▶ [Task]: Return the following data exactly, with all pictures left out.

▶ [Stored data]:
.....

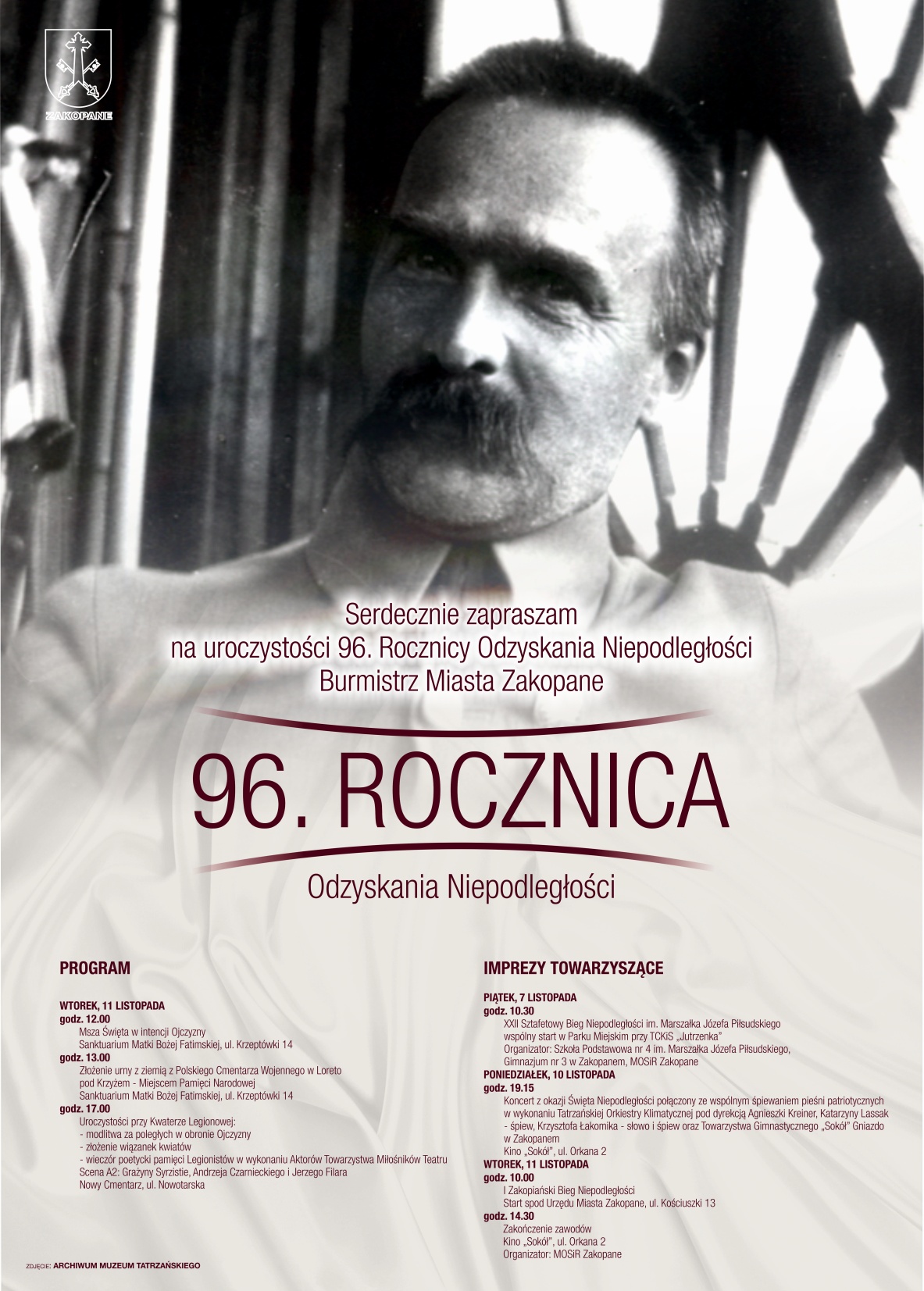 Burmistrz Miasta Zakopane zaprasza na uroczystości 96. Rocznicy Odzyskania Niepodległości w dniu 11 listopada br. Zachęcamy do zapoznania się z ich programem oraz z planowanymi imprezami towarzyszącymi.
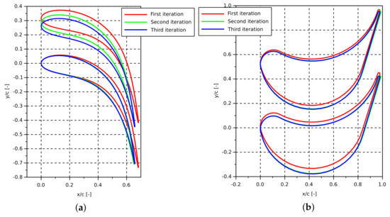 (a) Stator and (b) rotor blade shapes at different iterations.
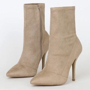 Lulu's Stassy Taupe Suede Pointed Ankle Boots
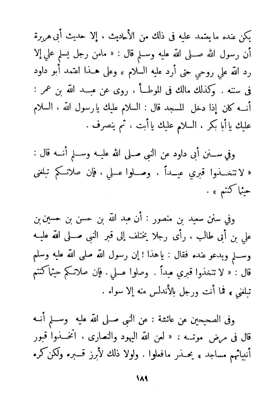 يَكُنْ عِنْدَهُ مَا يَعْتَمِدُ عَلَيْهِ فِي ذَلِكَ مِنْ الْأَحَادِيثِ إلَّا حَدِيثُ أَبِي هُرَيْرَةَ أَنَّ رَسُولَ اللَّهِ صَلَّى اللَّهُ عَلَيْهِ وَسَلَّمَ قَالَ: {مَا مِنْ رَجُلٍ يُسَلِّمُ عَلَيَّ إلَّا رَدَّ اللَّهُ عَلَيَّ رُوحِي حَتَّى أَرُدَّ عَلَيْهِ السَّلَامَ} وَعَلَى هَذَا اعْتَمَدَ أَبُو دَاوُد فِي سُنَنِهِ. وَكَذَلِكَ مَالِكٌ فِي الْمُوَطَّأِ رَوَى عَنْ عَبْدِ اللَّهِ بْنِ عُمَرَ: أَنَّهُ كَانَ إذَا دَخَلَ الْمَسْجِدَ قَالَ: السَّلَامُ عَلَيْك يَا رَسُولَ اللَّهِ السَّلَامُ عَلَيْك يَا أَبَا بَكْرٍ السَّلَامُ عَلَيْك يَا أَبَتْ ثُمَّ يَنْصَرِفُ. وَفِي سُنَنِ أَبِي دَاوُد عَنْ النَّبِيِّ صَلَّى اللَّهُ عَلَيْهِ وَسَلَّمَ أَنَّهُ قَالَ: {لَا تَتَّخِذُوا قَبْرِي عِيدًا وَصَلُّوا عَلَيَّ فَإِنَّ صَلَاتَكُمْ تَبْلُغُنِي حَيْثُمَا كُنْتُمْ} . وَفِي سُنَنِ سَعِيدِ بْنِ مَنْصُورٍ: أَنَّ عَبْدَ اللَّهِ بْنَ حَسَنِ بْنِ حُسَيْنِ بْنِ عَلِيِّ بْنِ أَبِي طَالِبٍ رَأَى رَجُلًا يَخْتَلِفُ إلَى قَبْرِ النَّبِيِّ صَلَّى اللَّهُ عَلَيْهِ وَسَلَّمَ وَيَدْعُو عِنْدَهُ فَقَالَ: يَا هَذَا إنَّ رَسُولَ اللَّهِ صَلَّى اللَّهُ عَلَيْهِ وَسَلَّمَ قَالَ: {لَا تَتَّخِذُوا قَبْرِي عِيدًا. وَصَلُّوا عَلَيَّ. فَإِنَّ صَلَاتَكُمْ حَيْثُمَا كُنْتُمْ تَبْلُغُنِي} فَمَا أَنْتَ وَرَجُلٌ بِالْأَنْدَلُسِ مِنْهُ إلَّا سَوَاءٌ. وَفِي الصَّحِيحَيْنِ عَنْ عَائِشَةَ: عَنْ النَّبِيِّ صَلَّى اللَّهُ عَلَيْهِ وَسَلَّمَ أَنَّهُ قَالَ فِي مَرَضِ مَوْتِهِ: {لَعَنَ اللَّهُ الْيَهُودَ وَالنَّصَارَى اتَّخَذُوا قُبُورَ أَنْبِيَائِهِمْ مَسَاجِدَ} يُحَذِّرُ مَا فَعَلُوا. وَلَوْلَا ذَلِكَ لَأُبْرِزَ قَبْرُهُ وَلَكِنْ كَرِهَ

.....

▶ [Result of this task]:
 Burmistrz Miasta Zakopane zaprasza na uroczystości 96. Rocznicy Odzyskania Niepodległości w dniu 11 listopada br. Zachęcamy do zapoznania się z ich programem oraz z planowanymi imprezami towarzyszącymi.
 (a) Stator and (b) rotor blade shapes at different iterations.
 Lulu's Stassy Taupe Suede Pointed Ankle Boots
 يَكُنْ عِنْدَهُ مَا يَعْتَمِدُ عَلَيْهِ فِي ذَلِكَ مِنْ الْأَحَادِيثِ إلَّا حَدِيثُ أَبِي هُرَيْرَةَ أَنَّ رَسُولَ اللَّهِ صَلَّى اللَّهُ عَلَيْهِ وَسَلَّمَ قَالَ: {مَا مِنْ رَجُلٍ يُسَلِّمُ عَلَيَّ إلَّا رَدَّ اللَّهُ عَلَيَّ رُوحِي حَتَّى أَرُدَّ عَلَيْهِ السَّلَامَ} وَعَلَى هَذَا اعْتَمَدَ أَبُو دَاوُد فِي سُنَنِهِ. وَكَذَلِكَ مَالِكٌ فِي الْمُوَطَّأِ رَوَى عَنْ عَبْدِ اللَّهِ بْنِ عُمَرَ: أَنَّهُ كَانَ إذَا دَخَلَ الْمَسْجِدَ قَالَ: السَّلَامُ عَلَيْك يَا رَسُولَ اللَّهِ السَّلَامُ عَلَيْك يَا أَبَا بَكْرٍ السَّلَامُ عَلَيْك يَا أَبَتْ ثُمَّ يَنْصَرِفُ. وَفِي سُنَنِ أَبِي دَاوُد عَنْ النَّبِيِّ صَلَّى اللَّهُ عَلَيْهِ وَسَلَّمَ أَنَّهُ قَالَ: {لَا تَتَّخِذُوا قَبْرِي عِيدًا وَصَلُّوا عَلَيَّ فَإِنَّ صَلَاتَكُمْ تَبْلُغُنِي حَيْثُمَا كُنْتُمْ} . وَفِي سُنَنِ سَعِيدِ بْنِ مَنْصُورٍ: أَنَّ عَبْدَ اللَّهِ بْنَ حَسَنِ بْنِ حُسَيْنِ بْنِ عَلِيِّ بْنِ أَبِي طَالِبٍ رَأَى رَجُلًا يَخْتَلِفُ إلَى قَبْرِ النَّبِيِّ صَلَّى اللَّهُ عَلَيْهِ وَسَلَّمَ وَيَدْعُو عِنْدَهُ فَقَالَ: يَا هَذَا إنَّ رَسُولَ اللَّهِ صَلَّى اللَّهُ عَلَيْهِ وَسَلَّمَ قَالَ: {لَا تَتَّخِذُوا قَبْرِي عِيدًا. وَصَلُّوا عَلَيَّ. فَإِنَّ صَلَاتَكُمْ حَيْثُمَا كُنْتُمْ تَبْلُغُنِي} فَمَا أَنْتَ وَرَجُلٌ بِالْأَنْدَلُسِ مِنْهُ إلَّا سَوَاءٌ. وَفِي الصَّحِيحَيْنِ عَنْ عَائِشَةَ: عَنْ النَّبِيِّ صَلَّى اللَّهُ عَلَيْهِ وَسَلَّمَ أَنَّهُ قَالَ فِي مَرَضِ مَوْتِهِ: {لَعَنَ اللَّهُ الْيَهُودَ وَالنَّصَارَى اتَّخَذُوا قُبُورَ أَنْبِيَائِهِمْ مَسَاجِدَ} يُحَذِّرُ مَا فَعَلُوا. وَلَوْلَا ذَلِكَ لَأُبْرِزَ قَبْرُهُ وَلَكِنْ كَرِهَ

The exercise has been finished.